La pianista canadiense Kris Davis lleva una década codeándose con algunos de los nombres más solicitados de la escena neoyorquina. En 2010 tuvo su gran año con tres estupendas grabaciones con diferentes tríos en las que dejaba entrever su estilo versátil, que se adapta con facilidad a diversas situaciones. En Three, con el SKM (Stephen Gauci al saxo y Michael Bisio al contrabajo), tendía al pianismo torrencial de corte tayloriano, mientras que en el deslumbrante Paradoxical Frog (Ingrid Laubrock al saxo y Tyshawn Sorey a la batería), se dejaba llevar en algunas piezas hacia la música contemporánea de John Cage y Morton Feldman.

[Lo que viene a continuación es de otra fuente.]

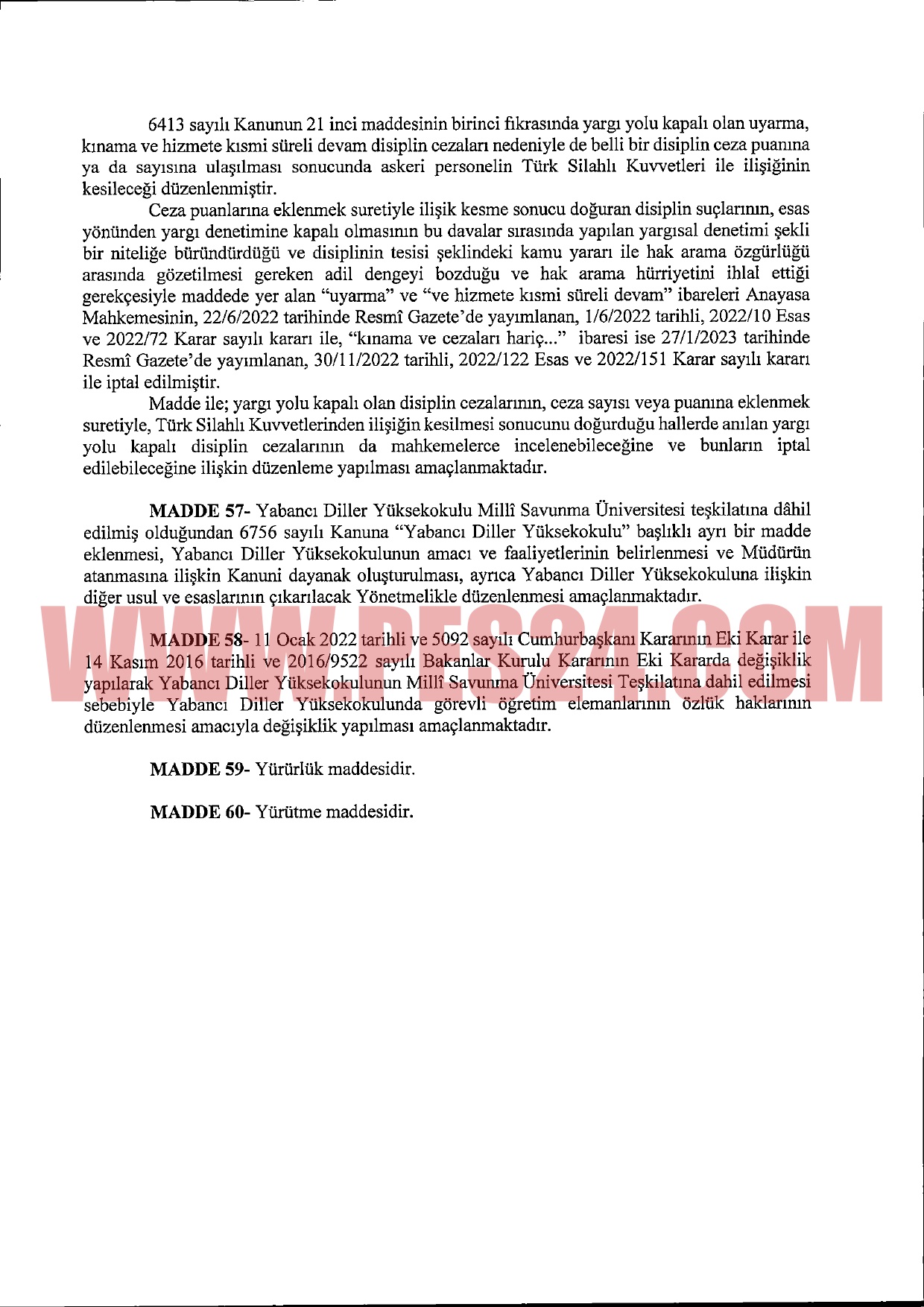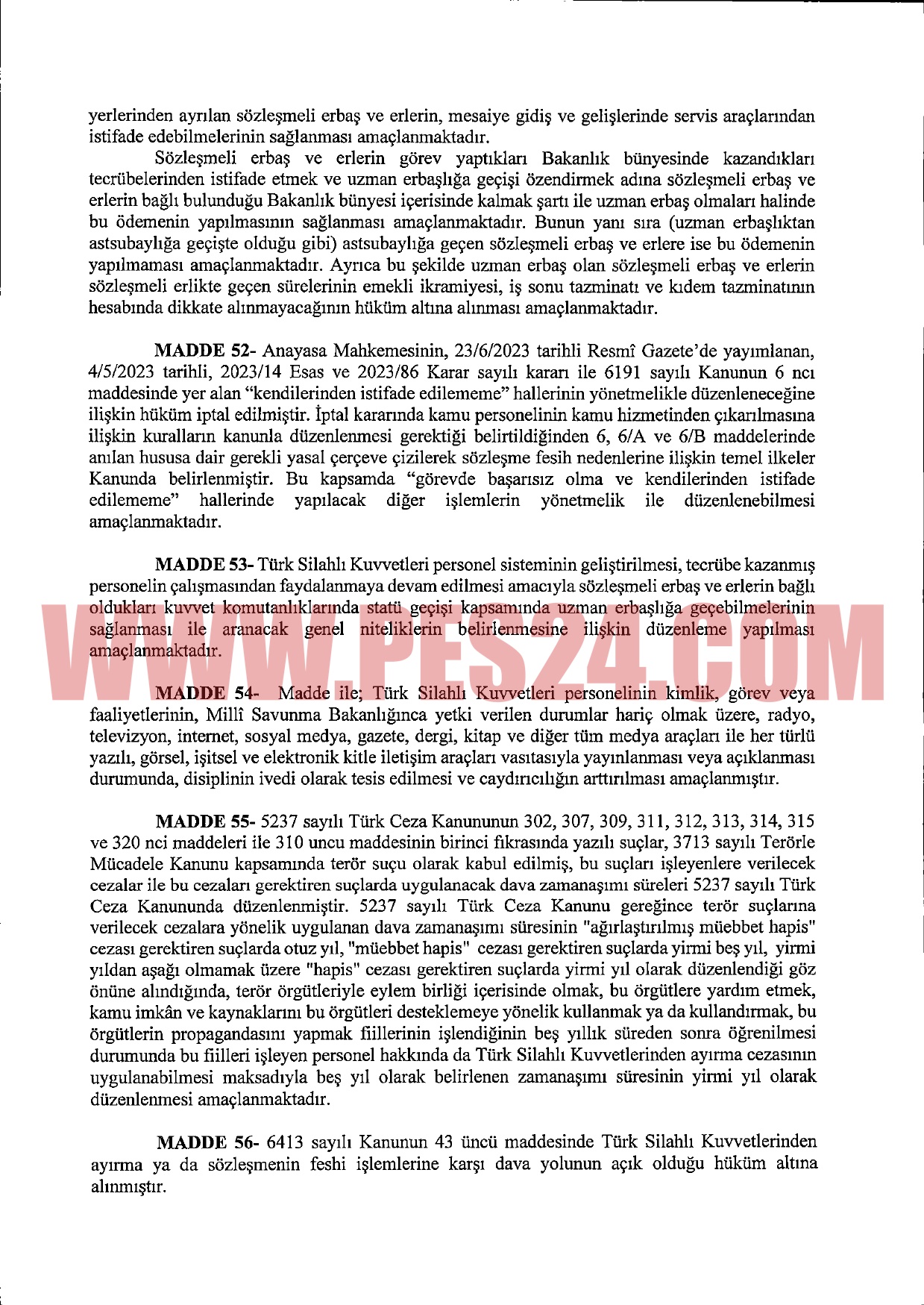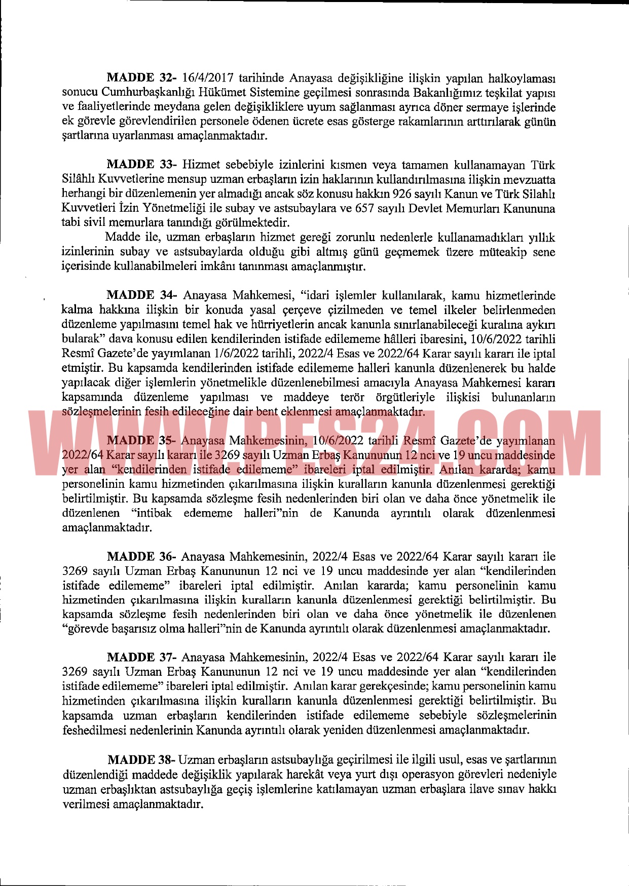 Anayasa Mahkemesinin aldığı karara uyum sağlamak amacıyla, Sözleşmeli Erbaş ve Er Kanunu’nda düzenleme öngörülüyor.
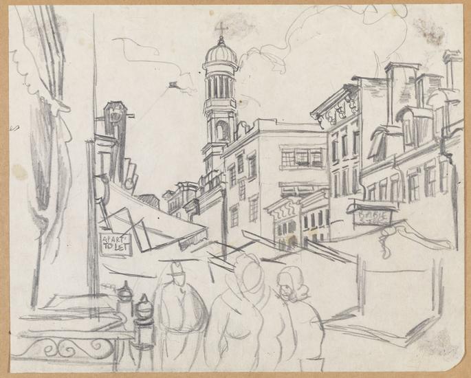 Greenwich Village, N.Y., showing south side of Bleecker Street between MacDougal (right) and Sullivan Streets.
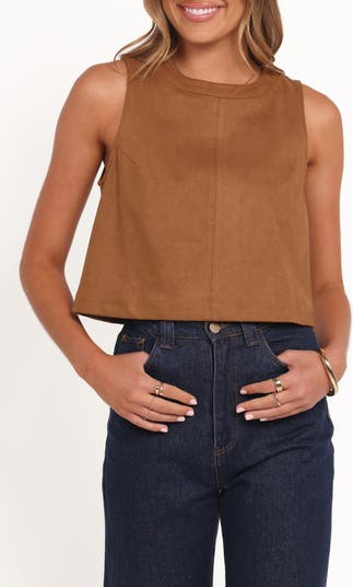 Buttery soft faux suede brings rich texture to this sleeveless top cut in a cropped silhouette.
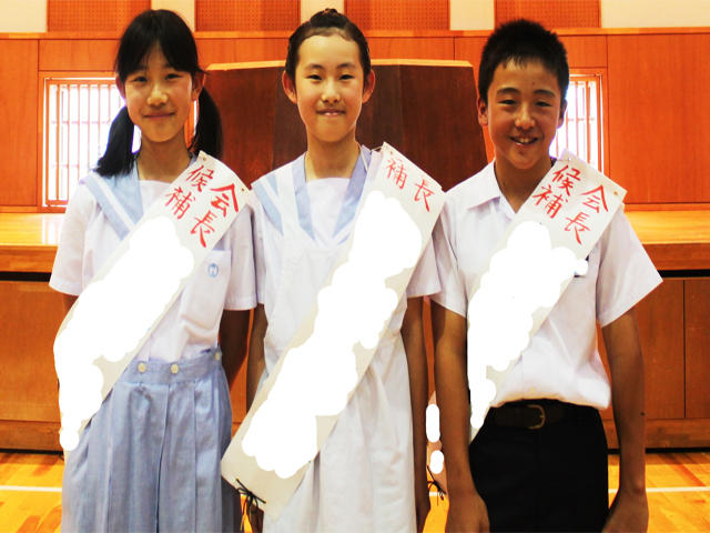 立候補した3名の児童たちは自分の考えと想いをしっかりとみんなの前で伝えていました。
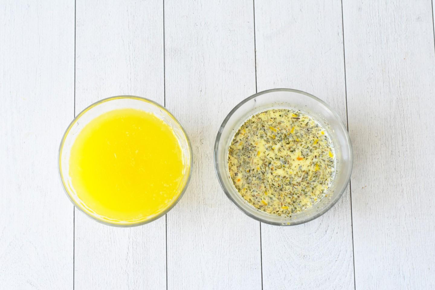 Сливочное масло растопите и охладите. Розмарин и тимьян перемолите в мельнице. Вскипятите 100 мл молока от общего количества, всыпьте тертую цедру лимона и апельсина, розмарин, тимьян, кардамон и мускатный орех и перемешайте. О том, как правильно растопить сливочное масло, читайте в конце рецепта.
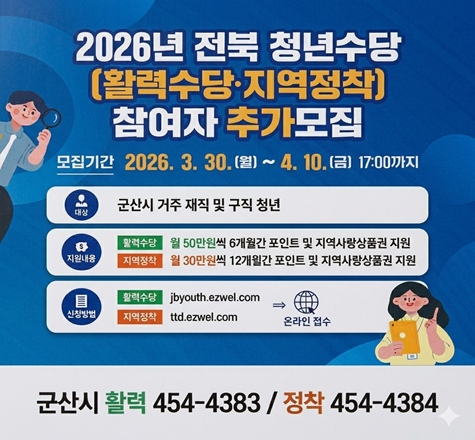 2026년 전북 청년수당(활력수당, 지역정착) 지원사업 참여자 추가모집 안내1. 우리 시에서는 청년들의 구직활동 지원 및 지역정착을 지원하기 위해 2026년 전북 청년수당(활력수당,지역정착) 참여자를 추가모집하고 있습니다. 가. 전북형 청년활력수당 1) 추가모집기간: 2026. 3. 30.(월) ~ 4. 12026.03.27
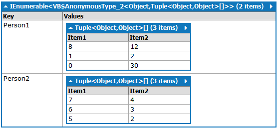 12| 2 | 30我可以通过sql查询来实现这一点,而在R中,我可以使用ListObject,但是我在vb.net中是新手,所以我想知道最好的方法是在vb.net中获取和存储这些信息(每人)。
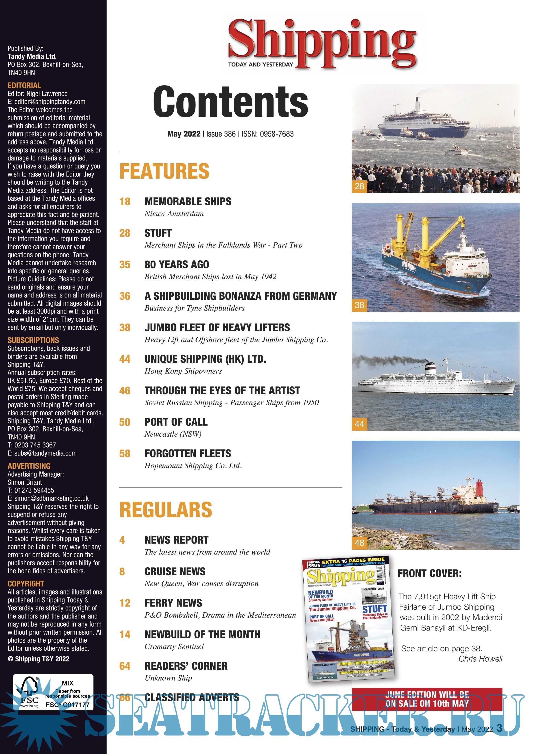 Shipping T&Y is a monthly magazine for the shipping enthusiast offering up-to-date information,
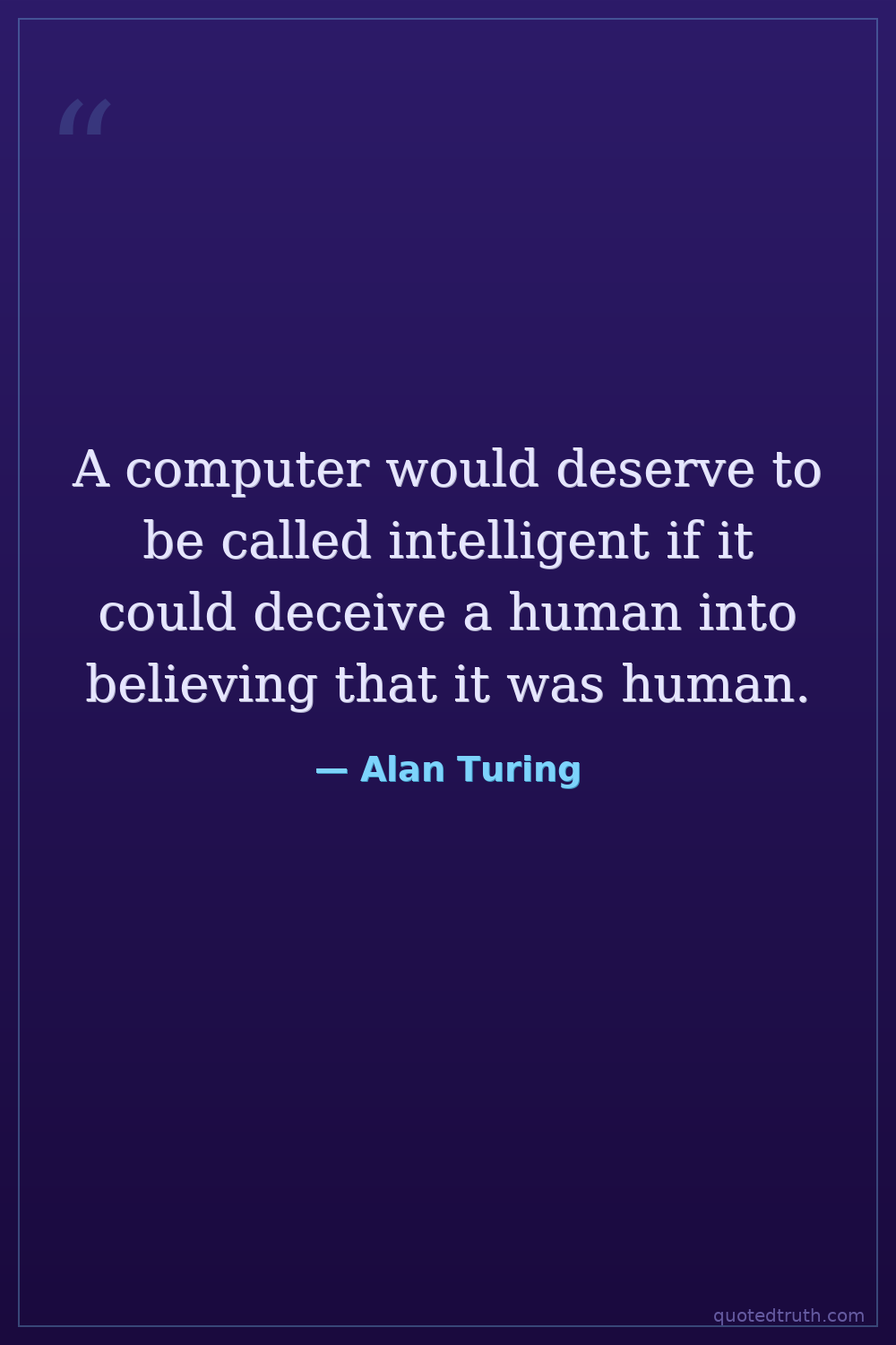 A computer would deserve to be called intelligent if it could deceive a human into believing that it was human.
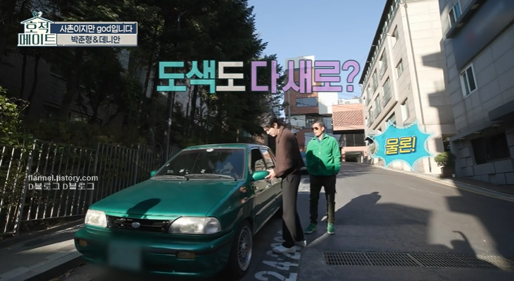 '호적메이드' god 박준형이 사촌 데니안과 셀프 세차장을 찾았어요. 특이한 게 세차장에 DJ부스는 물론 바비큐 공간까지 갖추고 있더라고요. 박준형 자동차도 특별한데 27년 된 올드카 프라이드예요. 차 가격은 230만 원인데 휠만 280만 원이 들어갔대요. 도색까지 다 해서 총 1천만 원이 들어갔다고.
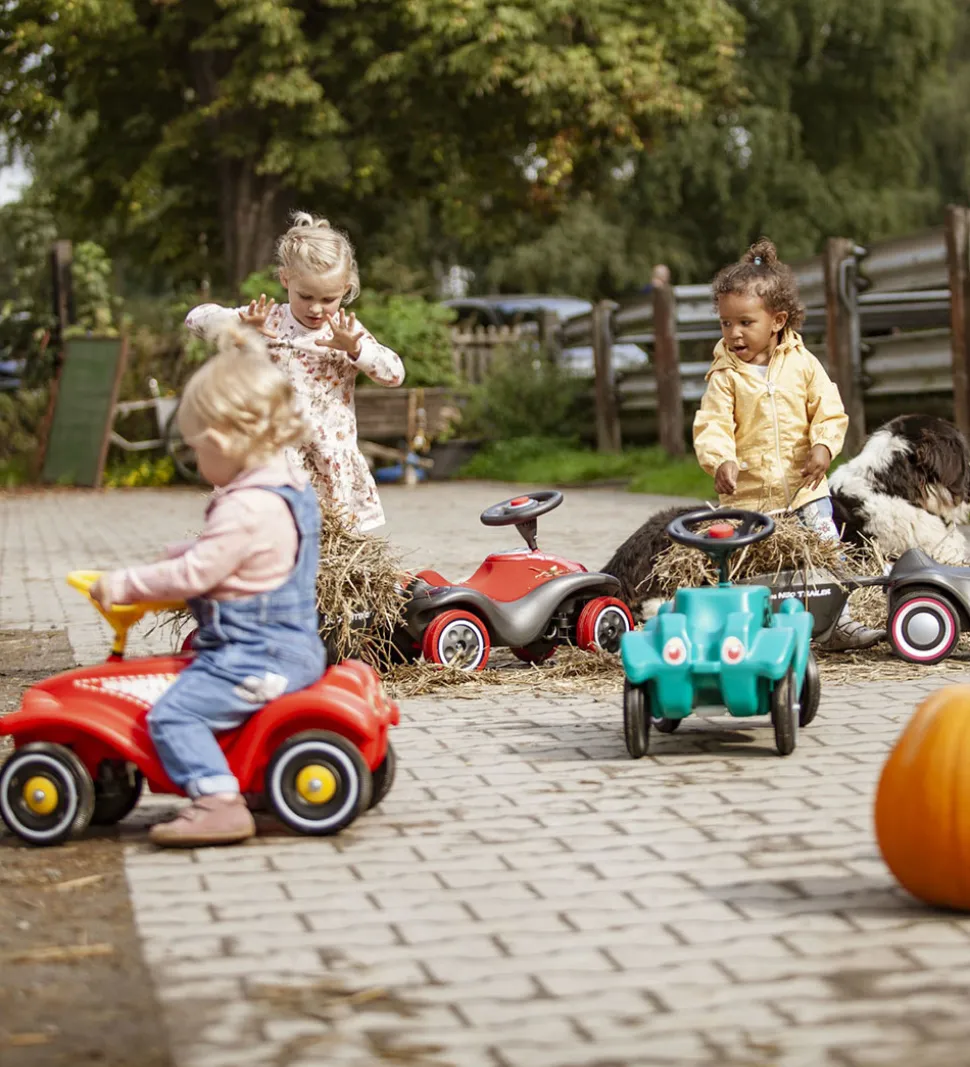 Bilen har et aftageligt anhængertræk foran og et fast anhængertræk bagpå, som muliggør montering af Big tilbehør og anhængere. Der medfølger udskiftelige fælgringe og dæksel til horn i turkisblå og pink. Bilen kan bruges både indendørs og udendørs.

Este Good Citizen, cuarta entrega para el sello barcelonés Fresh Sound y primera con la clásica fomación de trío de piano, contrabajo y batería, es quizás el más personal de los tres y el que mejor resume sus distintas tendencias. Es difícil pensar en una rítmica más solvente, a la que deja amplio espacio para el lucimiento, que la que la secunda aquí: John Hebert, que se dio a conocer acompañando al gran Andrew Hill, y el veterano Tom Rainey, habitual de Tim Berne y de Fred Hersch, pero que no es ajeno a contextos más libres como demostró en su debut como líder Pool School. Davis no oculta su formación clásica y no desdeña momentos más líricos de lo habitual, pero en mis temas preferidos exhibe su toque más percusivo: Where Does That Tunnel Go, que puede recordar a Jason Moran, o la monkiana B Side. Otra de sus composiciones más notables es la enérgica The Iron Spider, que sin embargo palidece comparada con la vehemencia de la versión contenida en Paradoxical Frog. Lo mejor que se puede decir de este disco es que parece solo un aperitivo, se hace corto y te deja con ganas de más.